A complex regimen that included immunochemotherapy produced a five-year, event-free survival rate of better than 60 percent in 159 people with mantle cell lymphoma, physicians at the Rigshospitalet in Copenhagen reported Sunday at the American Society of Hematology annual meeting, in Atlanta.

The cancer was treated with six cycles of immunochemotherapy, aimed at arousing the immune system, followed by high-dose chemotherapy with stem cell support. Of the 114 people who completed treatment, 72 percent were disease-free at five years.

The report is an outstanding example of the better long-term survival rates for various kinds of blood cancers such as lymphomas being reported at the meeting, said Dr. Ruth Winter, a professor of hematology and oncology at Northwestern University in Chicago.
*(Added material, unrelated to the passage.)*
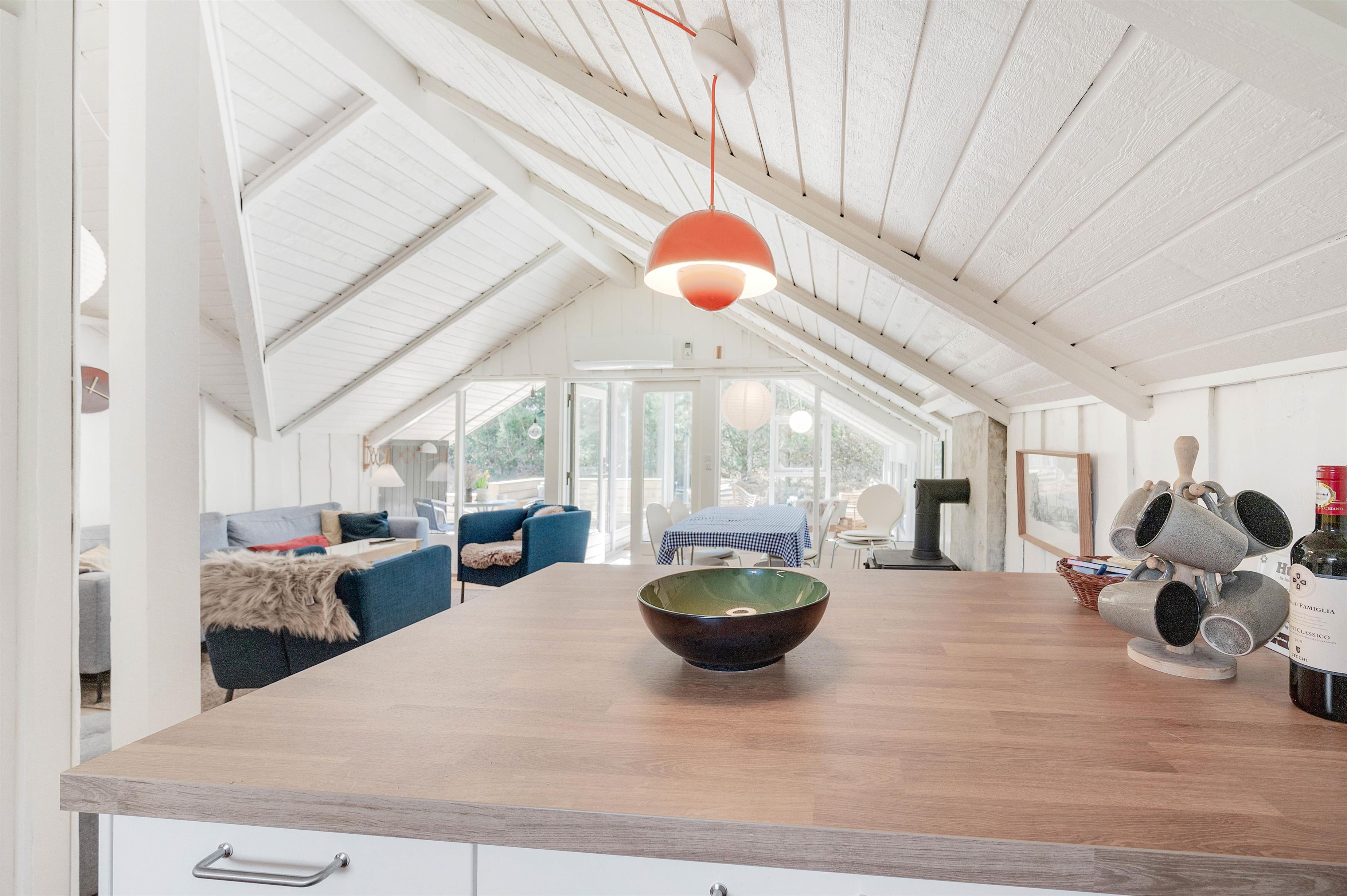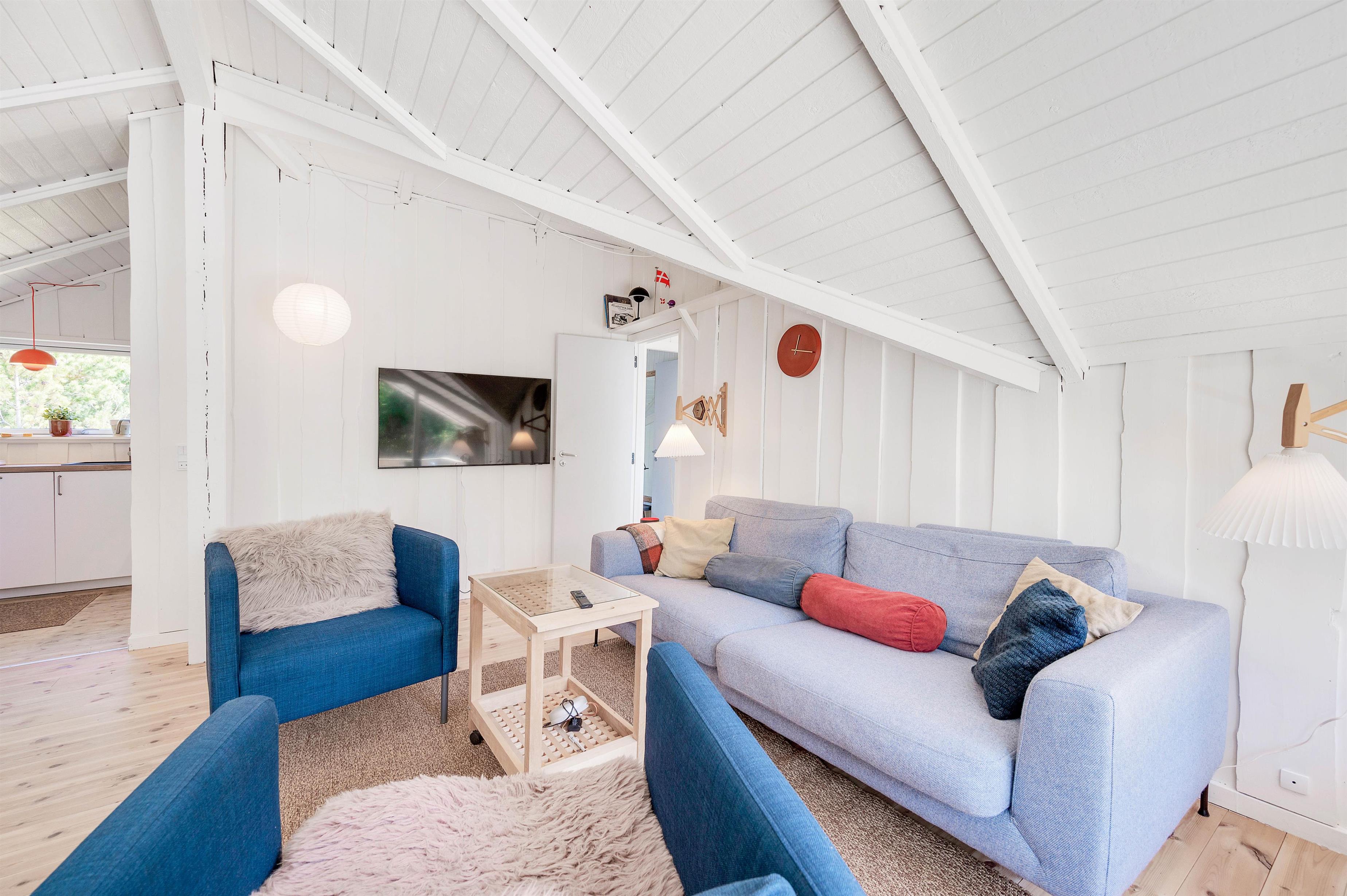 The holiday home at Hybenvej 50 is perfect for a comfortable family holiday. You'll be welcomed by cosy furnishings that, combined with the bright interior, create just the right holiday atmosphere. The holiday home measures 67 square metres and features three bedrooms where you can rest and prepare for your holiday adventures. Two bedrooms each have a double bed, while the third contains two single beds. All three bedrooms feature wooden flooring.

“All kinds of things are happening,” Winter said. “These are exciting times for us all.”

The advances being made “really represent a variety of different kind of approaches,” Winter said, with no one thread running through the variety of trials being reported.

One piece of research represents something of a challenge to standard chemotherapy by successfully using high doses of steroids for multiple myeloma, said study author Dr. S. Vincent Rajkumar, a professor of medicine at the Mayo Clinic in Rochester, Minn.

“There is a different philosophy in this trial,” Rajkumar explained. “Less can be more. For years, we have used the highest possible dose of steroids for multiple myeloma, but they have been a source of major morbidity for patients. This is the first trial in which the intensity of steroids that are used has been studied in a randomized way.”

Rajkumar and his colleagues used varying doses of the steroid dexamethasone along with lenalidomide, an agent that can modify and regulate action of the immune system, to treat 445 people with multiple myeloma. One-year survival was higher in the group getting lower doses of the steroid, “96 percent survival at one year, the highest reported in any study,” he said. A reduction in damaging side effects was one reason for the improvement, he added.

The approach is potentially applicable to other cancers, Rajkumar said. “As more and more drugs enter the picture, that kind of examination has to go on,” he said. “As new drugs come along, can we adjust the dosage down?”

However, a study of 1,196 people treated for advanced Hodgkin’s lymphoma at the University of Cologne in Germany indicated that high-dose treatment can sometimes be more effective. Patients treated with higher doses of varying chemotherapy regimens had better 10-year overall survival rates.

In another advance reported at the meeting, successful use of a form of radio-immunotherapy, using an anti-lymphoma antibody coupled with a radioactive isotope, against various forms of non-Hodgkin’s lymphoma was reported by physicians at University Medical Center Utrecht, the Netherlands.

A single infusion of the combination treatment tiuxetan, prolonged by two years the time period for which there were no signs or symptoms of the cancer. Some 60,000 new cases of non-Hodgkin’s lymphoma are reported in the United States each year.

And physicians from the Hospital Avicenne in Paris reported that a new drug, azacitidine, was more effective than standard chemotherapy at prolonging survival among 358 patients with high-risk myelodysplastic syndromes (MDS), which currently have no cure other than bone marrow transplantation.